● **MATERIAL PROVIDED**
§ §
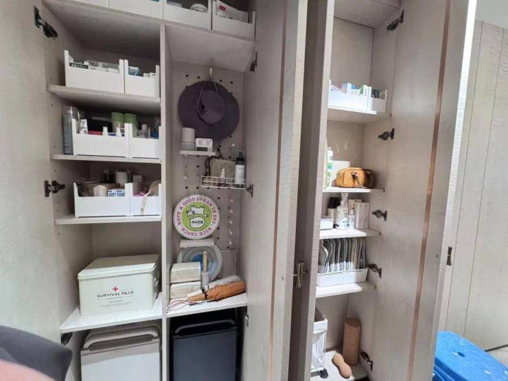 甚至连厨房最容易被遗忘的角落也都做足了收纳,而且不是传统抽屉,只需要轻轻踢一下就能弹开。
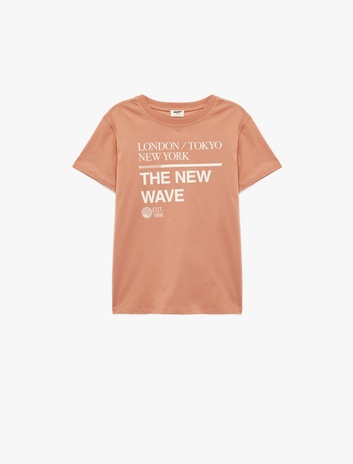 Pamuklu Kısa Kollu Bisiklet Yaka Baskılı Tişört Sepete Ekle
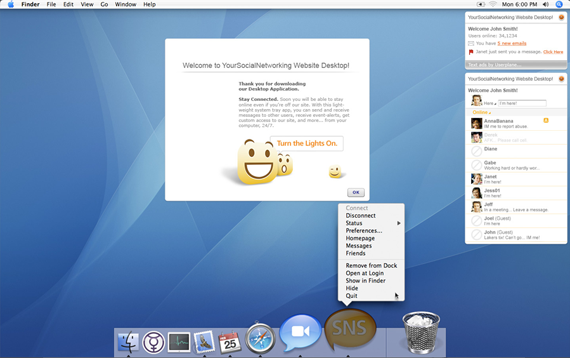 Userplane is announcing a second version of their Desktop product that’s based on newly released AIR and therefore compatible across operating systems. The Desktop product enables web developers to extend functionality outside of the browser with instant messaging, notifications, advertisements, and other general messages.
§ §
● **WHAT THE EXERCISE ASKS**
Please write out all of the data verbatim, with no pictures in the copy.

● **RESPONSE**
 甚至连厨房最容易被遗忘的角落也都做足了收纳,而且不是传统抽屉,只需要轻轻踢一下就能弹开。
 Pamuklu Kısa Kollu Bisiklet Yaka Baskılı Tişört Sepete Ekle
 Userplane is announcing a second version of their Desktop product that’s based on newly released AIR and therefore compatible across operating systems. The Desktop product enables web developers to extend functionality outside of the browser with instant messaging, notifications, advertisements, and other general messages.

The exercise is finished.